Dow Chemical Co. is combining a large part of its chlorine value chain with specialty chemicals and ammunition maker Olin Corp. to create a global materials firm with annual sales of almost $7 billion.
The combination includes Dow's global epoxy business and units that make feedstocks used in PVC production. The Dow businesses to be spun off have annual sales of about $5 billion and employ almost 2,000 at 11 manufacturing sites worldwide.
Shareholders in Midland, Mich.-based Dow will own 50.5 percent of the new firm with shareholders of Clayton, Mo.-based Olin owning the remaining 49.5 percent. The transaction is expected to be approved by Olin shareholders by the end of the year, officials with both firms said in a March 27 news release. The combination is expected to create at least $200 million in annual synergies and cost savings.
Olin posted sales of $2.24 billion in 2014, down 11 percent vs. 2013. Chlor-alkali products – including PVC precursor chlorine - generated about 56 percent of the firm's 2014 sales, with the Winchester ammunition business contributing about 32 percent.
Dow first put the chlorine-related businesses up for sale or spinoff in December 2013. “These businesses have served us well over decades, but are serving markets that Dow has exited over time,” Dow Chairman and CEO Andrew Liveris said at the time.
In the March 27 release, Liveris said that “by combining Dow's world-class assets and people with Olin, we are creating a premier company with the scope… [to] leverage long-term growth opportunities.”
Olin Chairman and CEO Joseph Rupp added that the transaction “is a natural fit to our strategic objectives – creating a sustainable, long-term growth platform and enhanced shareholder and customer value.”
In a separate deal, Dow will supply Olin with ethylene feedstock for a 20-year period. Officials said that both Dow and Olin will benefit from long-term, sustainable physical integration.
Dow's epoxy business includes plants in Freeport, Texas; and Roberta, Ga.; as well as four plants in Europe, two in Asia and one in Brazil. Epoxy is a thermoset resin that is often used as a coating material. The spin-off also includes the firm's chlor-alkali, chlor-vinyl, chlorinated organics and brine operations.
The chlor-vinyl unit makes ethylene dichloride (EDC) and vinyl chloride monomer (VCM) feedstocks that other plastics firms use to make PVC resin. Dow sells most of its North American VCM and EDC output to PVC makers in the region.
Dow has been pressured by activist investor Third Point LLC to improve its profitability by splitting off or shedding non-essential parts of its business.
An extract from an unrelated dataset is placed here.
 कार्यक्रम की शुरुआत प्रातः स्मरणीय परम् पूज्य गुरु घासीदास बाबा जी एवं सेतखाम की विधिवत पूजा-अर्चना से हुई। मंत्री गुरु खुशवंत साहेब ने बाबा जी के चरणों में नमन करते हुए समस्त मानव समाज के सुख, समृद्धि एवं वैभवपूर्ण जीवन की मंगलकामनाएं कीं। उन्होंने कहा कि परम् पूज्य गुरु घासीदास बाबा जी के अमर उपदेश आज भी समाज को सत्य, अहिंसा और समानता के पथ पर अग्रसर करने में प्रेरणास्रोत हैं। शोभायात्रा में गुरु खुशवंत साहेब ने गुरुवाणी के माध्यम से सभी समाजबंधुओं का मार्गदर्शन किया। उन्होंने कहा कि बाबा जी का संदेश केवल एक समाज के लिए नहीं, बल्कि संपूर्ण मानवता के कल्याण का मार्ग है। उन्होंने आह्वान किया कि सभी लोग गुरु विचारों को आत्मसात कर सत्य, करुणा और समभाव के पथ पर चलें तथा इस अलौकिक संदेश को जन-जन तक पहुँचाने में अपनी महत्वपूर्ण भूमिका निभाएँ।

Dow ranks as one of the world's largest plastics and chemicals makers. In 2014, the firm posted sales of almost $58.2 billion, up almost 2 percent vs. 2013. Dow employs 53,000 at 201 sites worldwide.
Initial Wall Street reaction to the Dow-Olin deal was positive, sending Dow's per-share stock price up more than four percent to $48.40 and leading Olin's per-share price soaring almost 20 percent to $32.50 in early trading March 27.